Task instructions: Copy the data that follows, character for character, minus the pictures.

Supplied information:

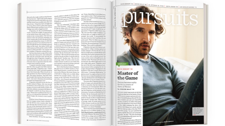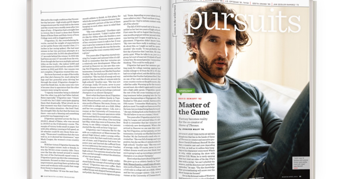 Although he’s one of Hollywood’s leading screenwriters now (his films include Troy, The Kite Runner and 25th Hour, which is based on his novel), Benioff initially didn’t make the cut when he applied for the creative writing program at Dartmouth. “When I came across David’s application, I found it dense, edgy and incomprehensible,” says professor Ernest Hebert. But when the young man went to plead his case, “he had this look on his face of despair and yearning. I knew I’d made a big mistake,” says Hebert, who went on to become Benioff’s advisor for his senior fellowship. “I’ve never had a student work harder,” he adds.
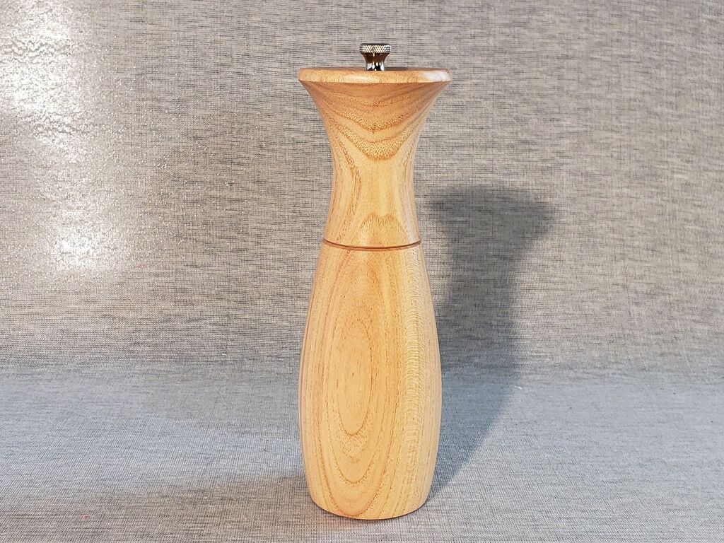This wooden peppermill was made from an urban Colorado Honey Locust tree. Honey Locust is a hard, dense wood and has an orange tint. I love working with it because it sands and finishes well, and you can't beat the orange color! Clean lines, flowing curves, flawless finish and function. The pictures show the mill from all 4 sides.
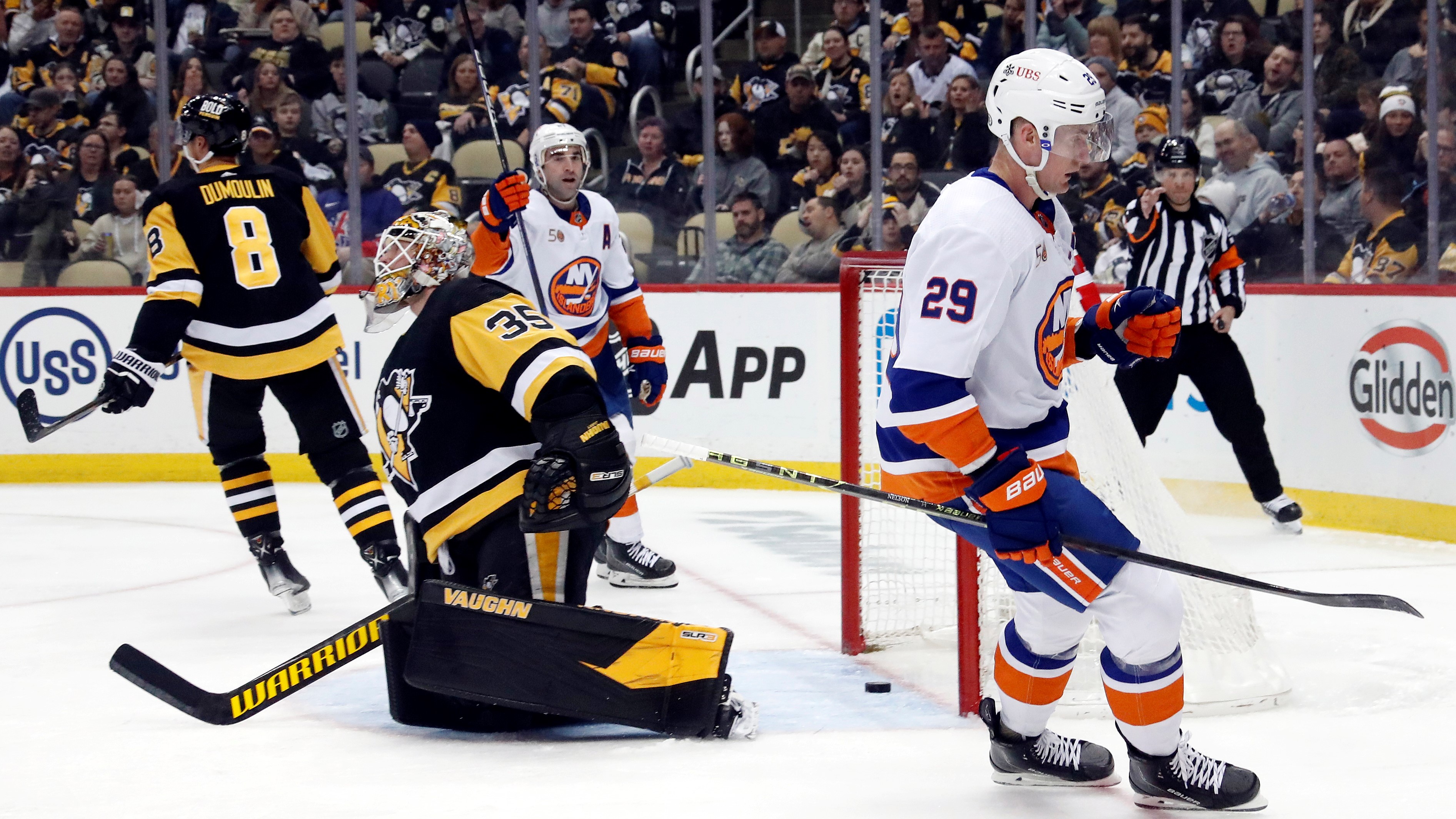 Islanders rally in third to stun Penguins, 4-2Brock Nelson led New York with two goals2/21/2023, 3:07 AMFeb 20, 2023; Pittsburgh, Pennsylvania, USA; New York Islanders center Brock Nelson (29) reacts after scoring a goal against Pittsburgh Penguins goaltender Tristan Jarry (35) during the second period at PPG Paints Arena. Mandatory Credit: Charles LeClaire-USA TODAY Sports / © Charles LeClaire-USA TODAY Sports

Written reply:
 Although he’s one of Hollywood’s leading screenwriters now (his films include Troy, The Kite Runner and 25th Hour, which is based on his novel), Benioff initially didn’t make the cut when he applied for the creative writing program at Dartmouth. “When I came across David’s application, I found it dense, edgy and incomprehensible,” says professor Ernest Hebert. But when the young man went to plead his case, “he had this look on his face of despair and yearning. I knew I’d made a big mistake,” says Hebert, who went on to become Benioff’s advisor for his senior fellowship. “I’ve never had a student work harder,” he adds.
This wooden peppermill was made from an urban Colorado Honey Locust tree. Honey Locust is a hard, dense wood and has an orange tint. I love working with it because it sands and finishes well, and you can't beat the orange color! Clean lines, flowing curves, flawless finish and function. The pictures show the mill from all 4 sides.
 Islanders rally in third to stun Penguins, 4-2Brock Nelson led New York with two goals2/21/2023, 3:07 AMFeb 20, 2023; Pittsburgh, Pennsylvania, USA; New York Islanders center Brock Nelson (29) reacts after scoring a goal against Pittsburgh Penguins goaltender Tristan Jarry (35) during the second period at PPG Paints Arena. Mandatory Credit: Charles LeClaire-USA TODAY Sports / © Charles LeClaire-USA TODAY Sports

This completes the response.